┌─ Extracted records

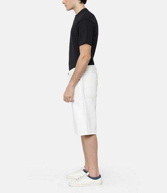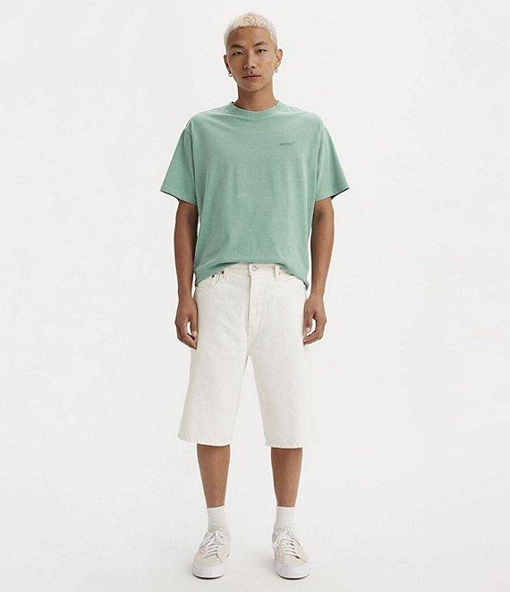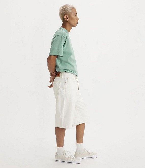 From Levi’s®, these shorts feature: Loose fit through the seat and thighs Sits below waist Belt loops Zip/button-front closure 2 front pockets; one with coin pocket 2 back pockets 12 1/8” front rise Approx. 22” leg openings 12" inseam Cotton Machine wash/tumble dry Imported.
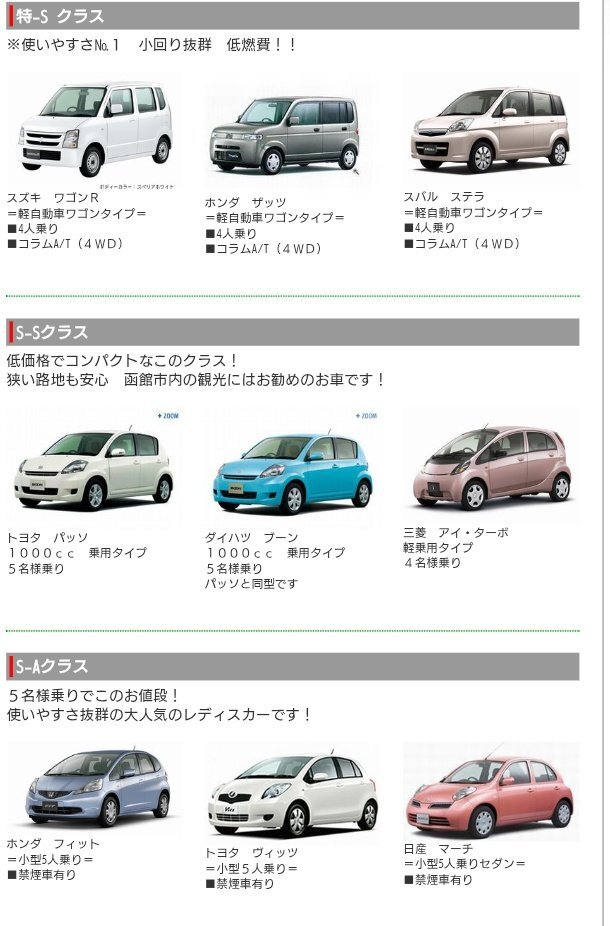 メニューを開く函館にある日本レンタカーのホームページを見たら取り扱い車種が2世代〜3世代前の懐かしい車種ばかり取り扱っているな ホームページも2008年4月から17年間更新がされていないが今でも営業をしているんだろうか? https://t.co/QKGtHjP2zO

└─
┌─ Extracted records

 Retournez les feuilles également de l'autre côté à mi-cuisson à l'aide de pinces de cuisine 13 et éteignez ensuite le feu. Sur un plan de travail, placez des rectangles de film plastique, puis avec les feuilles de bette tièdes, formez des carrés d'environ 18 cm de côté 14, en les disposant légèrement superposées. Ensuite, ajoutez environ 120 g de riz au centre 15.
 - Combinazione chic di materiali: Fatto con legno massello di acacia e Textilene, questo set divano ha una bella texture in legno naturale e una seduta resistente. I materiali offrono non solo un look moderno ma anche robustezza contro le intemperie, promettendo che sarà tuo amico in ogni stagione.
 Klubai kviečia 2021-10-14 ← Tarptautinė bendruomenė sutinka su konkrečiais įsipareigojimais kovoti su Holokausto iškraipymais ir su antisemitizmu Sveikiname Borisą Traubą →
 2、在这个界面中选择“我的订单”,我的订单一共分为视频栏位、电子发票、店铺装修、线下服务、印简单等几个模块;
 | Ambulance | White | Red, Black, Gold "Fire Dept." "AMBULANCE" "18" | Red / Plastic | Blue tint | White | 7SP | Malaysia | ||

└─

What the task requires. Given the data above, transcribe exactly the lines from the one containing "Retournez les feuilles" down to the one containing "Malaysia | ||", and no others.

Task result.
 Retournez les feuilles également de l'autre côté à mi-cuisson à l'aide de pinces de cuisine 13 et éteignez ensuite le feu. Sur un plan de travail, placez des rectangles de film plastique, puis avec les feuilles de bette tièdes, formez des carrés d'environ 18 cm de côté 14, en les disposant légèrement superposées. Ensuite, ajoutez environ 120 g de riz au centre 15.
 - Combinazione chic di materiali: Fatto con legno massello di acacia e Textilene, questo set divano ha una bella texture in legno naturale e una seduta resistente. I materiali offrono non solo un look moderno ma anche robustezza contro le intemperie, promettendo che sarà tuo amico in ogni stagione.
 Klubai kviečia 2021-10-14 ← Tarptautinė bendruomenė sutinka su konkrečiais įsipareigojimais kovoti su Holokausto iškraipymais ir su antisemitizmu Sveikiname Borisą Traubą →
 2、在这个界面中选择“我的订单”,我的订单一共分为视频栏位、电子发票、店铺装修、线下服务、印简单等几个模块;
 | Ambulance | White | Red, Black, Gold "Fire Dept." "AMBULANCE" "18" | Red / Plastic | Blue tint | White | 7SP | Malaysia | ||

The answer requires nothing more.